The Client:
Our client is a Middle Eastern company, a leader in producing devices and systems for quality control and electricity metering.
They have developed a SaaS platform for simple and convenient monitoring and display of consumption parameters of all types of energy (electricity, gas, water, fuel). This solution is implemented as a cloud service maintained 24/7 and provides the ability to obtain any data in real time using both local and remote access with modern gadgets.
Architecting a Energy Analytics Platform with IoT and Cloud Solutions
The Business and Technical Challenges:
Our client already has a data monitoring system, but many things need to be improved. They are currently working on a new cloud-based and scalable one. Our data engineers had several business objectives:
-
create data pipelines to collect data from a vast number of industrial customers' devices;
-
process this data for analytics;
-
develop BI dashboards displaying various aspects of energy consumption
The Solution:
1) We build data pipelines that gather data from various sources (APIs, customer files, metering devices, and previous monitoring systems).
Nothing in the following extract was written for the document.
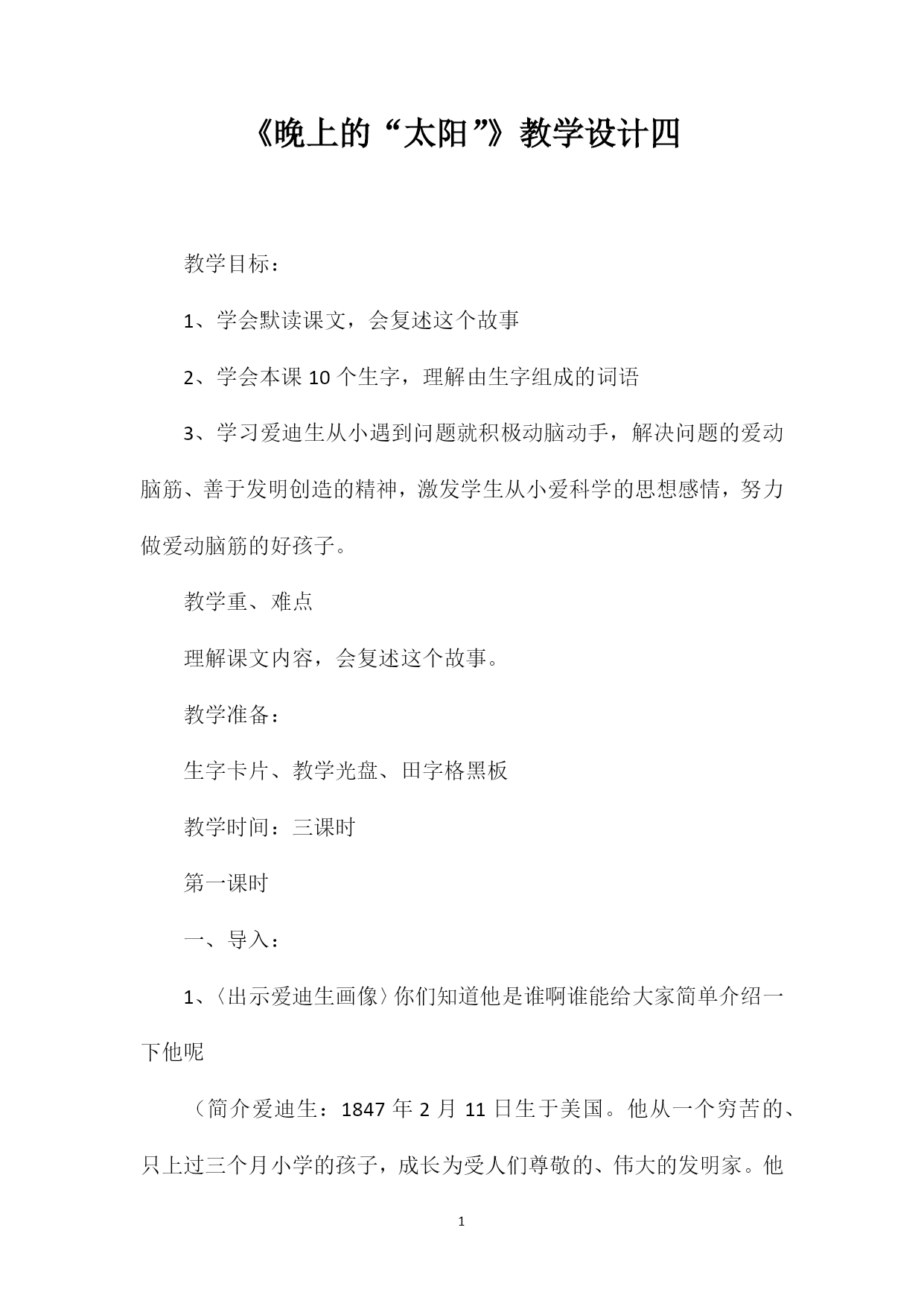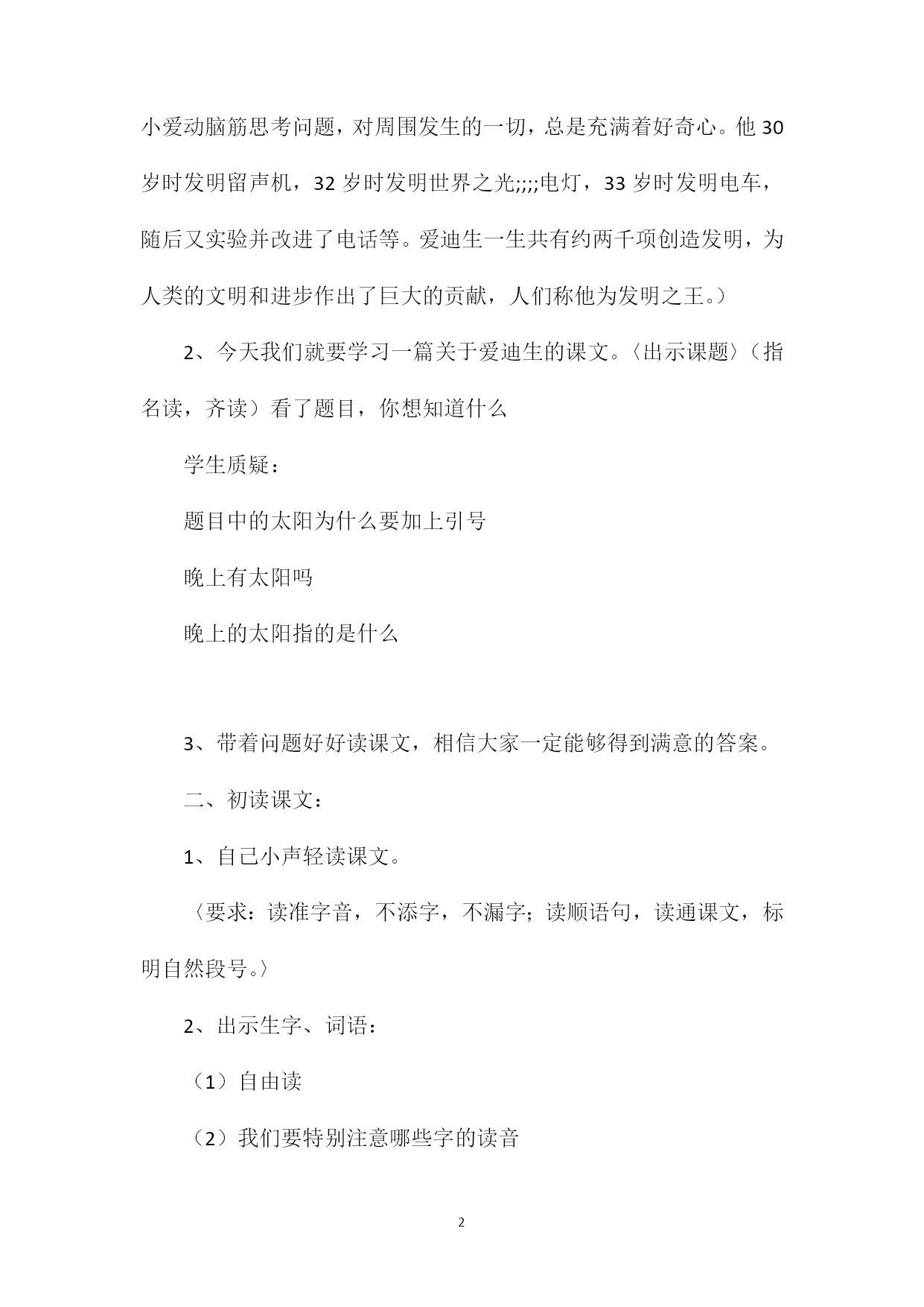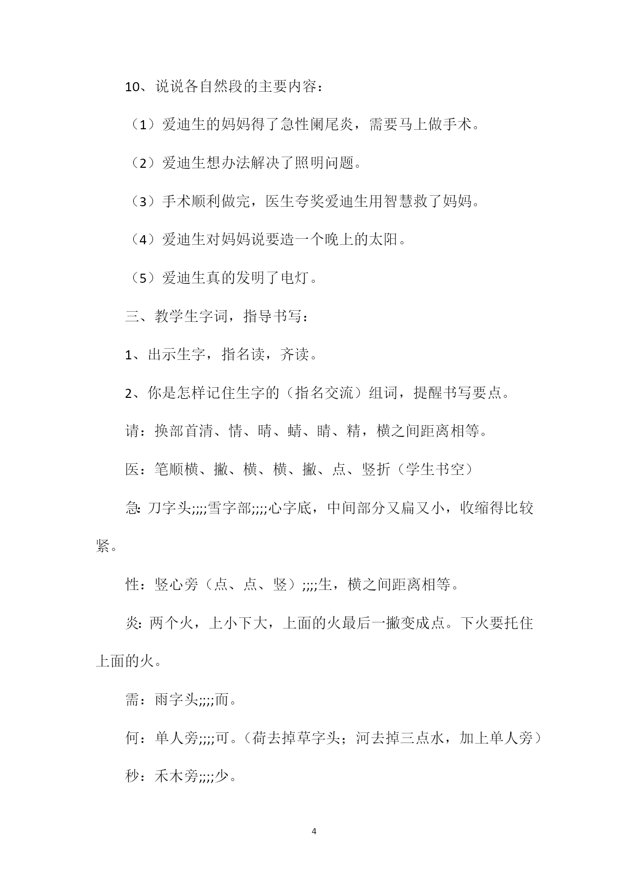 PAGEPAGE5《晚上的“太阳”》教学设计四教学目标:1、学会默读课文,会复述这个故事2、学会本课10个生字,理解由生字组成的词语3、学习爱迪生从小遇到问题就积极动脑动手,解决问题的爱动脑筋、善于发明创造的精神,激发学生从小爱科学的思想感情,努力做爱动脑筋的好孩子。教学重、难点理解课文内容,会复述这个故事。教学准备:生字卡片、教学光盘、田字格黑板教学时间:三课时第一课时一、导入:1、〈出示爱迪生画像〉你们知道他是谁啊谁能给大家简单介绍一下他呢(简介爱迪生:1847年2月11日生于美国。他从一个穷苦的、只上过三个月小学的孩子,成长为受人们尊敬的、伟大的发明家。他小爱动脑筋思考问题,对周围发生的一切,总是充满着好奇心。他30岁时发明留声机,32岁时发明世界之光;;;;电灯,33岁时发明电车,随后又实验并改进了电话等。爱迪生一生共有约两千项创造发明,为人类的文明和进步作出了巨大的贡献,人们称他为发明之王。)2、今天我们就要学习一篇关于爱迪生的课文。〈出示课题〉(指名读,齐读)看了题目,你想知道什么学生质疑:题目中的太阳为什么要加上引号晚上有太阳吗晚上的太阳指的是什么3、带着问题好好读课文,相信大家一定能够得到满意的答案。二、初读课文:1、自己小声轻读课文。〈要求:读准字音,不添字,不漏字;读顺语句,读通课文,标明自然段号。〉2、出示生字、词语:(1)自由读(2)我们要特别注意哪些字的读音(3)开火车读、指名读、齐读、〈请来医生急性阑尾炎需要无可奈何一分一秒挡手简易〉〈犹豫手术痛苦发明焦急呻吟自豪智慧一本正经〉3、你读懂了哪个词语的意思(学生交流、教师指导)一分一秒:一分钟一秒钟,意思是时间渐渐地过去。挡手:挡住了手。无可奈何:没有任何的办法。简易:简单而容易的。[犹豫:拿不定主意。呻吟:因为痛苦而发出声音。4、全文一共有几个自然段(5个)5、分自然段指名读读文。师生评议。6、默读课文,勾画出文中不理解的词语。7、讨论交流。8、再读课文,把你认为难读的多读几遍。9、指导朗读长句。妈妈,要是晚上也有太阳该多好哇,我要造一个晚上的lsquo;太阳rsquo;。这些灯围一圈挡手哇!10、说说各自然段的主要内容:(1)爱迪生的妈妈得了急性阑尾炎,需要马上做手术。(2)爱迪生想办法解决了照明问题。(3)手术顺利做完,医生夸奖爱迪生用智慧救了妈妈。(4)爱迪生对妈妈说要造一个晚上的太阳。(5)爱迪生真的发明了电灯。三、教学生字词,指导书写:1、出示生字,指名读,齐读。2、你是怎样记住生字的(指名交流)组词,提醒书写要点。请:换部首清、情、晴、蜻、睛、精,横之间距离相等。医:笔顺横、撇、横、横、撇、点、竖折(学生书空)急:刀字头;;;;雪字部;;;;心字底,中间部分又扁又小,收缩得比较紧。性:竖心旁(点、点、竖);;;;生,横之间距离相等。炎:两个火,上小下大,上面的火最后一撇变成点。下火要托住上面的火。需:雨字头;;;;而。何:单人旁;;;;可。(荷去掉草字头;河去掉三点水,加上单人旁)秒:禾木旁;;;;少。挡:当加提手旁。当下面的部分要写得舒展,和上面的小字头各占一半。简:竹字头;;;;间。3、学生描红、仿影、临写,教师巡视指导。四、作业设计:1、熟读课文2、完成〈习字册〉

For the primary storage of raw data, we used the Microsoft Azure infrastructure, Data Lake, enabling efficient and organised data migration.
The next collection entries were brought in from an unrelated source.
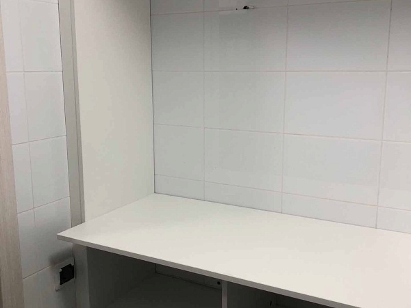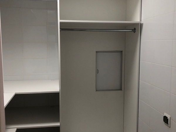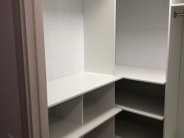 Для корпуса шкафа использовали ЛДСП Lamarty (Ламарти) толщиной 16 мм в белом цвете. За счет светлого оттенка мебель не выглядит громоздко и гармонирует с отделкой помещения.
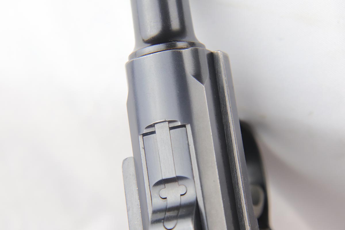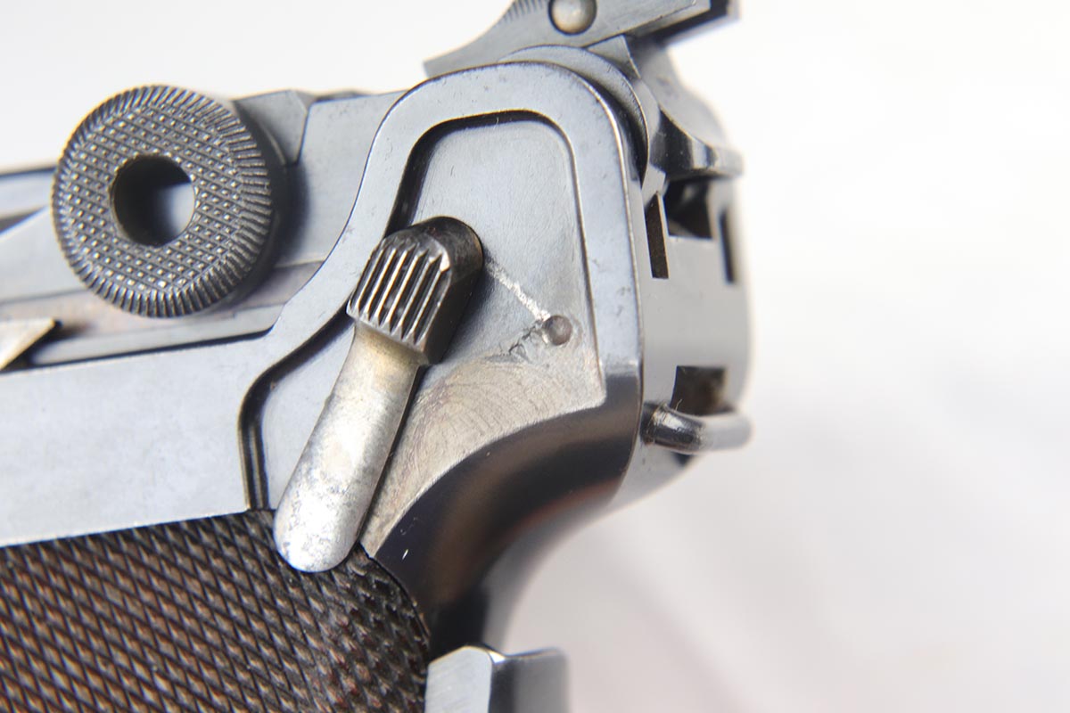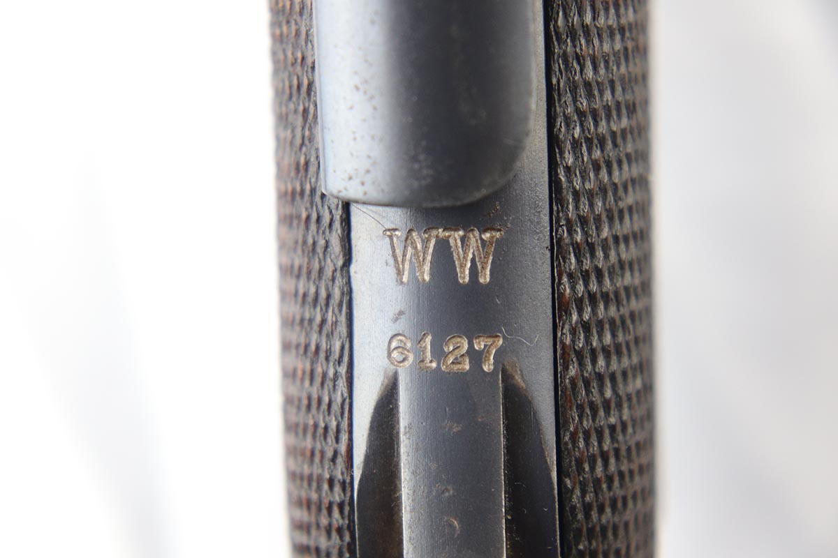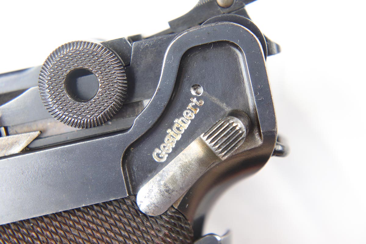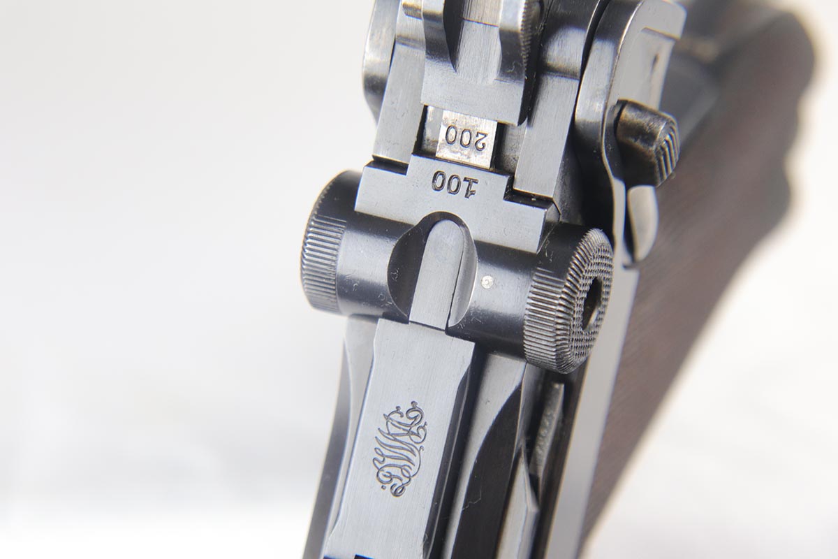 5/1/18 – This is an excellent example of a rare 1906 DWM Navy Luger. It has a nice high polish finish covering about 96% of the gun, with the straps being particularly nice. There is some tiny pin pricking around the Naval Property mark and on the lug stock. Fairly common and somewhat expected in an all original Navy gun due to a salt mist environment. The numbers on this gun are ALL matching with the exception of the correct Navy Magazine. The safety position is altered (2nd variation) so that the “Gesichert” is in the upper position. It is also WW 6127 property marked signifying that it was issued to the Wilhelmshaven Navy Base in the pre-WW1 to WW1 time period. The finish and all parts are original and authentic. It has some oxidation on the bluing and straw parts but better than most Navy lugers offered as it is over 100 years old!. Bore has strong rifling and shows minor use.
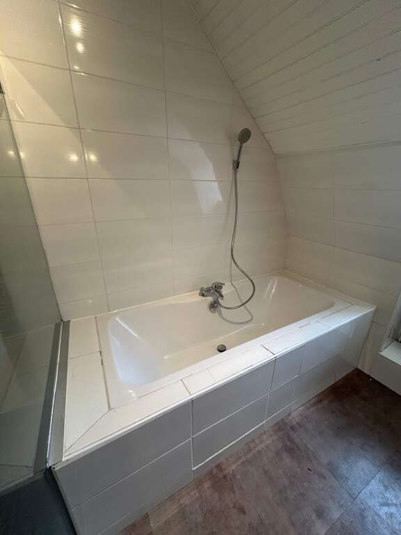 Large bathroom with bathtub and shower
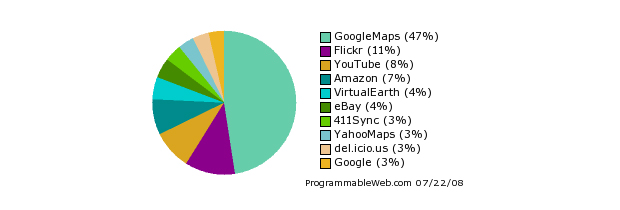 Un comentario de XuRxO, muy acertado como siempre, me trae a la cabeza varias conversaciones que he tenido con muchos desarrolladores. ¿Por qué narices siempre tenemos que usar Google Maps o Google Earth para llevar a cabo muchos proyectos? Naturalmente, también soy culpable, porque en varios proyectos bastante grandes hemos usado Google Maps. ¿Por qué? En primer lugar puede que sea por comodidad, se trata de una API bien conocida, explotada y que casi ha llegado a ser de la familia. En segundo lugar, vaya como curiosidad, porque algunos clientes lo exigen, puede que ver el dibujo de Google en la esquina inferior izquierda les haga confiar más en el proyecto o vaya usted a saber por qué. El caso es que Google Maps ha arrasado, no hay más que ver quién se lleva la mejor parte de la tarta de APIs por número de Mashups generados…

2) The data was processed using Microsoft Azure Databricks. We also developed several Databricks notebooks to prepare the data for analytics. It included processing IoT data from various metering devices.
3) We created data pipelines in Microsoft Azure Data Factory to automate and schedule data collection and preparation tasks, ensuring seamless data migration and transformation.
4) We used the Power BI platform to create comprehensive BI reports and visualizations.
The Tech Stack, Used in the Project:
-
Data processing: Python
-
Access Rights Management: Microsoft Entra ID
-
Version Control and CI/CD: Microsoft Azure DevOps
-
Database Deployment: Microsoft Azure virtual machines, Microsoft SQL Server
-
Sensitive Data Storage: Azure Key Vault
-
Computing Resources for Power BI: Power BI Embedded Capacity
The Result:
DataEngi helped the client to create data pipelines to collect, process, and prepare data for analytics, which are displayed in the user's personal account on the website as information panels (dashboards).
Users have different requirements for resource consumption analytics. Very few comprehensive solutions simplify the provision of analytical information to customers in different sections. Our data engineers helped create simple and convenient access to analytical data for our client's customers.
The Data Security:
We employ best practices of cloud provider solutions to ensure compliance with national and regional security standards, such as the General Data Protection Regulation (GDPR).